And, honestly I don’t know of a better idea, because you want to find
the values of **two** constants, but you only have **one** equation.
:sad:

Edited for length.

Yes, if we were dealing with real numbers, the system would be underdetermined. But since n, a, and b are all constrained to be natural numbers, it should be easier. There will still be multiple solutions in some cases, but all that is required is to discover that one exists (I don’t care what the a and b are, only that they exist) or to prove that none exist.

Brute force would work, though I was hoping for something better =D

If you could think of one more dependency between a,b it could work. But to my knowledge, if you have only one equation and two unknown constants it can not be done, without expressing one constant as a function of the other.

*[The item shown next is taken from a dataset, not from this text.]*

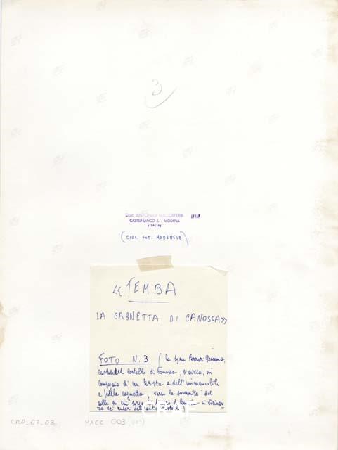 Foto N.3(la Sig.ra Ferrari Gemma, custode del castello di Canossa, si avvia in compagnia di un turista e della fedele cagnetta, verso la sommità delcolle su cui sorge il museo di Canossa vicino ai ruderi dell'antico castello)

Whether we are dealing with real or natural number the nature of the problem is the same, only thing that changes is that with natural numbers the problem has a finite number of possible solutions and thus the correct one can be computed with brute force.

Although looking closer at the problem, I think it is safe to say that if n=a\^b then this means that n can be divided by a exactly b times, so it would make sense to furhter investigate only those values of a that divide n. This doesn’t give an exact solution but further narrows the interval for valid values of a and b. For instance if n is 9, there is no need to check for values of a like 2, 4, 5,…

What do you mean by multiple solutions in this context ?

@FarooqMela

There is a paper by DJ Bernstein which addresses this very problem. Off the top of my head I think it’s titled “Detecting perfect powers in essentially linear time.” Google it [snapback]13645[/snapback]

Scroll to the Other arithmetic operations section

Some really nice and seemingly interesting papers here :)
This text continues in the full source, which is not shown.